Showing posts with label needs assessment. Show all posts
Showing posts with label needs assessment. Show all posts

Monday, February 24, 2020

Our Spring 2020 Needs Assessment

Hello, students!
Please scroll down to last week's blog post for an interesting newscast that might answer a question of yours.

We have completed a new needs assessment to help us plan what to learn this semester. The three themes will be: 1) health, 2) travel and transportation, and 3) Canada.

Under those themes we talked about possible topics, such as:

  • preventing dementia
  • teeth
  • VRBO / Air B&B
  • comparing modes of transportation for travel
  • buying a ticket (travel)
  • geography of Canada
Okay, buckle up! It looks like we are going to become travel experts. It will be fun to tie together travel with Canadian geography. I can't teach it all, so you will have to do your fair share in the way of reports and presentations. I think Peiji's report on Banff has got everyone excited to travel this gorgeous land.
Banff, Alberta

Cheers!

Friday, January 31, 2020

In the New Semester

This week we bid farewell and good luck to exiting students and new Canadian citizens Nabil and Raja. We hope they will meet us in public when we go on field trips! Meanwhile, as soon as she finishes her virus quarantine, another student recently returned from China will be re-joining our class after a very long absence. We are also getting a new student Monday.

Monday was Y Olympics, and my room became the quiet room for table games while the rest of the student body and teachers got boisterous in the gym with hilarious competitions like stacking beanbags on one's forehead.
SET! (rules went out the window)

Quarto won Mensa game of the year when it came out!

Saadallah said he has the same exact magnetic travel game as mine at his home.

Thursday you had your conferences with me, and everyone gave me useful feedback. Here are some suggestions and comments from you:

Another school promoted me too quickly from level one to three to five, skipping levels. I have never learned the common level two words. My goal is to learn level 2 vocabulary solidly.
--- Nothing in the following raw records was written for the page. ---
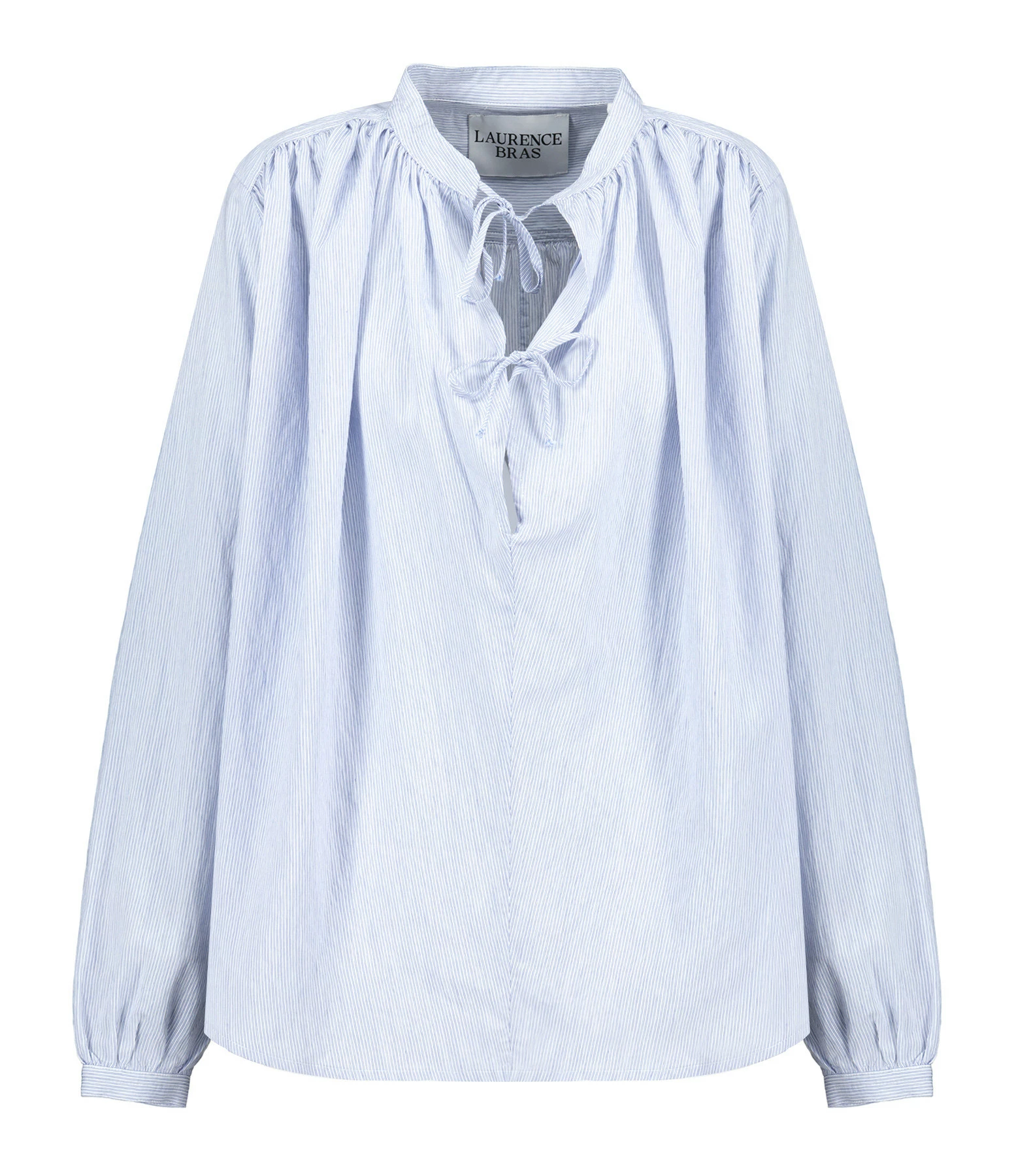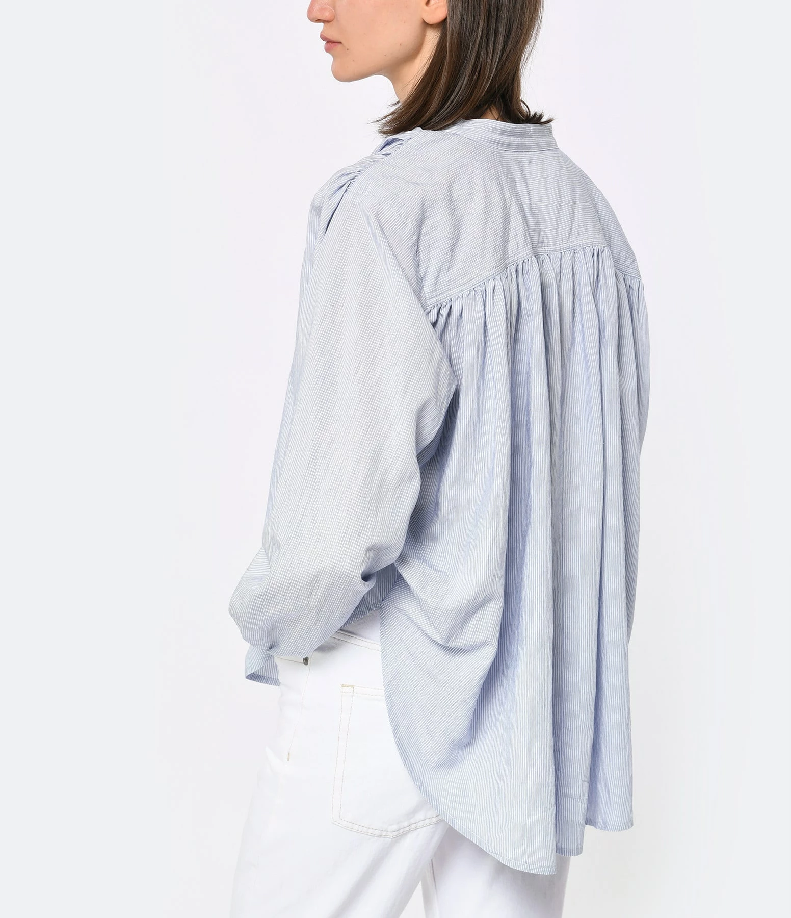 Blouse fluide à rayures bleues. Col mao. Encolure nouée par des liens. Epaules et dos froncés. Manches longues resserrées par boutons. Coupe droite. Base droite.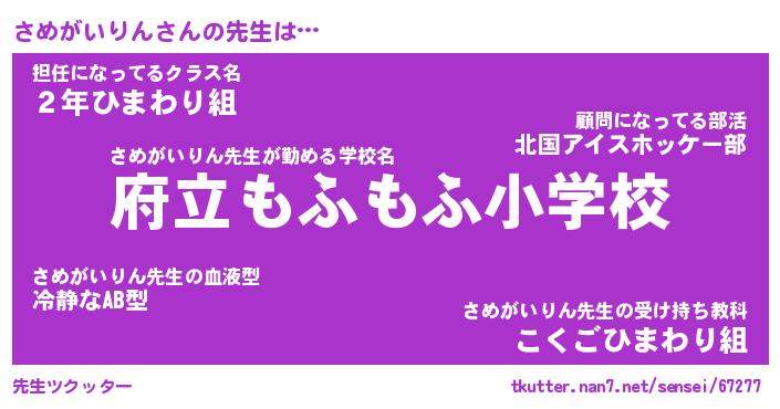 | 肩書あだ名 | 『さめがいりん店長』『さめがいりん班長』 |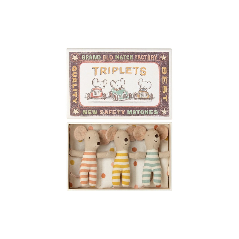 Surprise! It’s triplets!Not two, but three baby mice in a box!They cozy up together in their box to sleep and keep their mummy on her toes during the day. Dressed cute & complementary in stripes, they come cuddled together in blanketed pockets.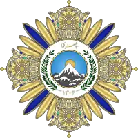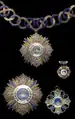 نشان شامل یک گردنبند به شکل حلقههای آبی و طلایی، مدال،یک حمایل پهن به رنگ آبی با دو خط طلایی و یک ستاره که روی سینه نصب میشود است.

I want common everyday spoken English so I can understand a group of native speakers chatting around the water cooler at break time where I volunteer.

Please give us short, interesting stories.

My reading and writing abilities are strong. I need more speaking and listening. I know my listening skills are poor. I want a conversation partner who talks a lot, not a quiet one.

If you drop the level of this class in February, please give me extra material to read. (Two students said this.) Teach the same topic to both groups, the advanced and lower groups, but use a more difficult, richer version for the advanced group.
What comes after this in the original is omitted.